DATA: Begin

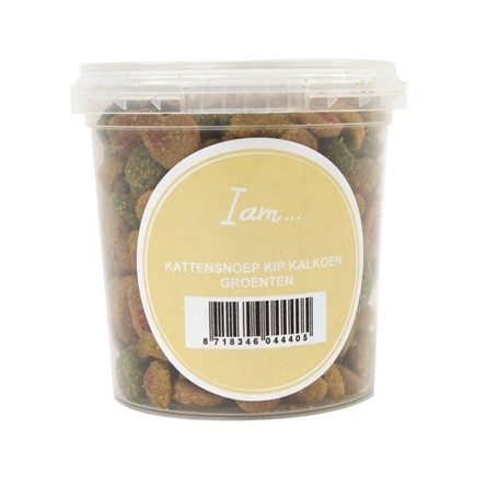 Verwen je kat met deze lekkere kattensnoepjes I Am kip, kalkoen en groente- smaak! Deze snoepjes zijn zeer volledig wat betreft ingrediënten en zorgen door de vitaminen en mineralen voor sterke botten en tanden. De essentiële vetzuren zorgen voor een glanzende vacht en gezonde huid. Door de afwisselende vormen en texturen en de krokante textuur zijn deze snoepjes een traktatie voor elke kat!
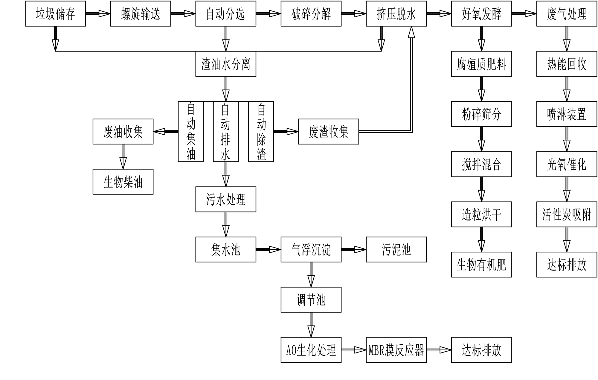餐廚垃圾綜合處理設(shè)備包括垃圾預(yù)處理、生化處理 、渣油水分離收集和廢水廢氣處理裝置組成;通過收集輸送、垃圾分選、剪切破碎、脫水?dāng)D干等預(yù)處理后,廢渣配合有益微生物菌在特殊環(huán)境下進(jìn)行好氧發(fā)酵,最終形成有機(jī)質(zhì)肥料;廢液通過渣油水分離后,廢油收集可提煉生物柴油,廢水經(jīng)物理和生化處理后達(dá)標(biāo)排放;整個處理過程產(chǎn)生的廢氣通過除塵,除臭和凈化后排入大氣。
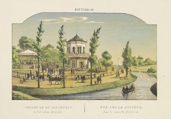 Rare, antique map of  ROTTERDAM Gezigt op de Societeit in het nieuwe. . .
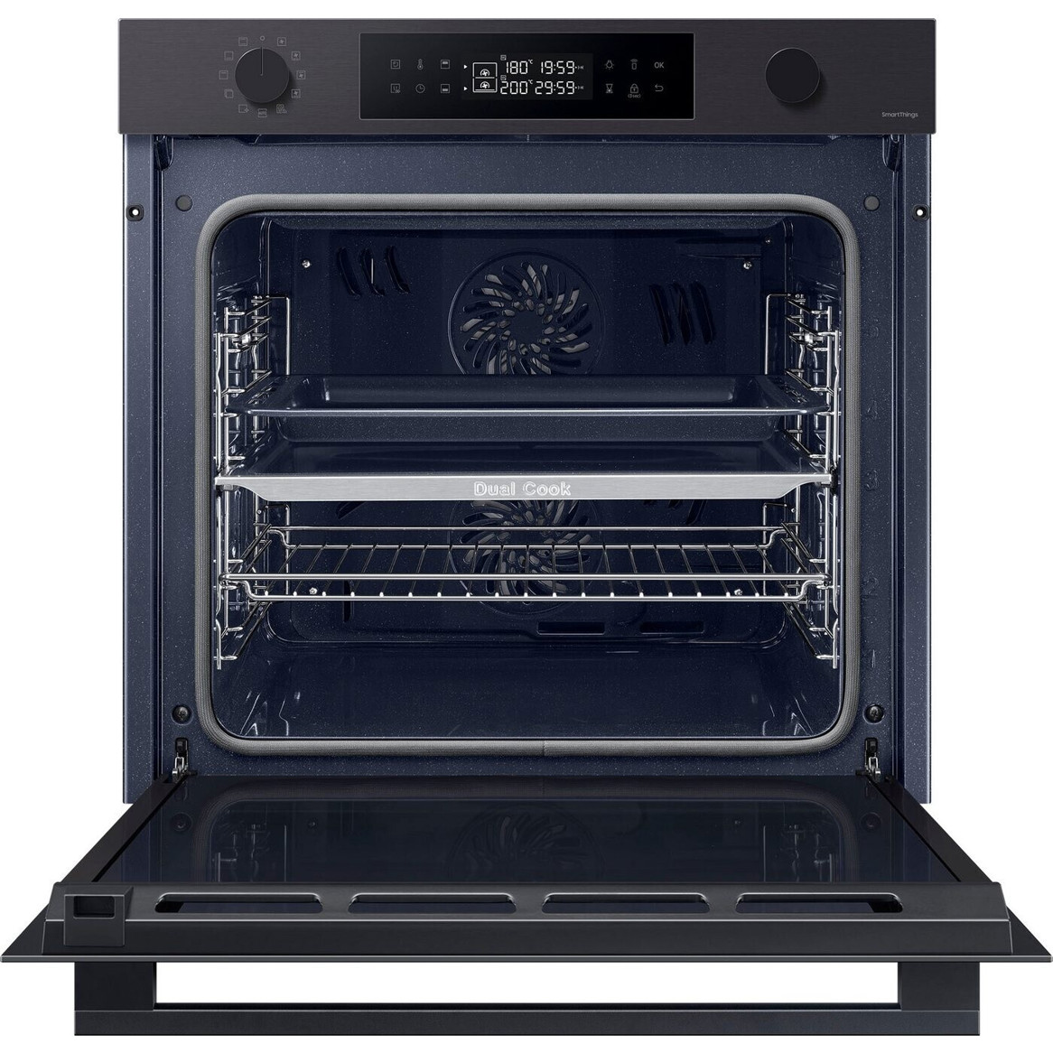 Der Samsung NV7B44503DB Elektrobackofen in elegantem Schwarz ist ein vielseitiges Einbaugerät mit 76 Litern Innenraumvolumen und modernster Technologie. Ausgestattet mit Pyrolyse und Hydrolyse, bietet er eine mühelose Reinigungsfunktion, die Ihnen Zeit und Aufwand erspart. Steuern Sie den Ofen bequem per WLAN und App-Steuerung, um Garvorgänge zu überwachen und anzupassen.

DATA: End

→ **TASK ITEM**:
Please write every line above out exactly as given, except for any pictures.

→ **WRITTEN RESPONSE**:
 Verwen je kat met deze lekkere kattensnoepjes I Am kip, kalkoen en groente- smaak! Deze snoepjes zijn zeer volledig wat betreft ingrediënten en zorgen door de vitaminen en mineralen voor sterke botten en tanden. De essentiële vetzuren zorgen voor een glanzende vacht en gezonde huid. Door de afwisselende vormen en texturen en de krokante textuur zijn deze snoepjes een traktatie voor elke kat!
餐廚垃圾綜合處理設(shè)備包括垃圾預(yù)處理、生化處理 、渣油水分離收集和廢水廢氣處理裝置組成;通過收集輸送、垃圾分選、剪切破碎、脫水?dāng)D干等預(yù)處理后,廢渣配合有益微生物菌在特殊環(huán)境下進(jìn)行好氧發(fā)酵,最終形成有機(jī)質(zhì)肥料;廢液通過渣油水分離后,廢油收集可提煉生物柴油,廢水經(jīng)物理和生化處理后達(dá)標(biāo)排放;整個處理過程產(chǎn)生的廢氣通過除塵,除臭和凈化后排入大氣。
 Rare, antique map of  ROTTERDAM Gezigt op de Societeit in het nieuwe. . .
 Der Samsung NV7B44503DB Elektrobackofen in elegantem Schwarz ist ein vielseitiges Einbaugerät mit 76 Litern Innenraumvolumen und modernster Technologie. Ausgestattet mit Pyrolyse und Hydrolyse, bietet er eine mühelose Reinigungsfunktion, die Ihnen Zeit und Aufwand erspart. Steuern Sie den Ofen bequem per WLAN und App-Steuerung, um Garvorgänge zu überwachen und anzupassen.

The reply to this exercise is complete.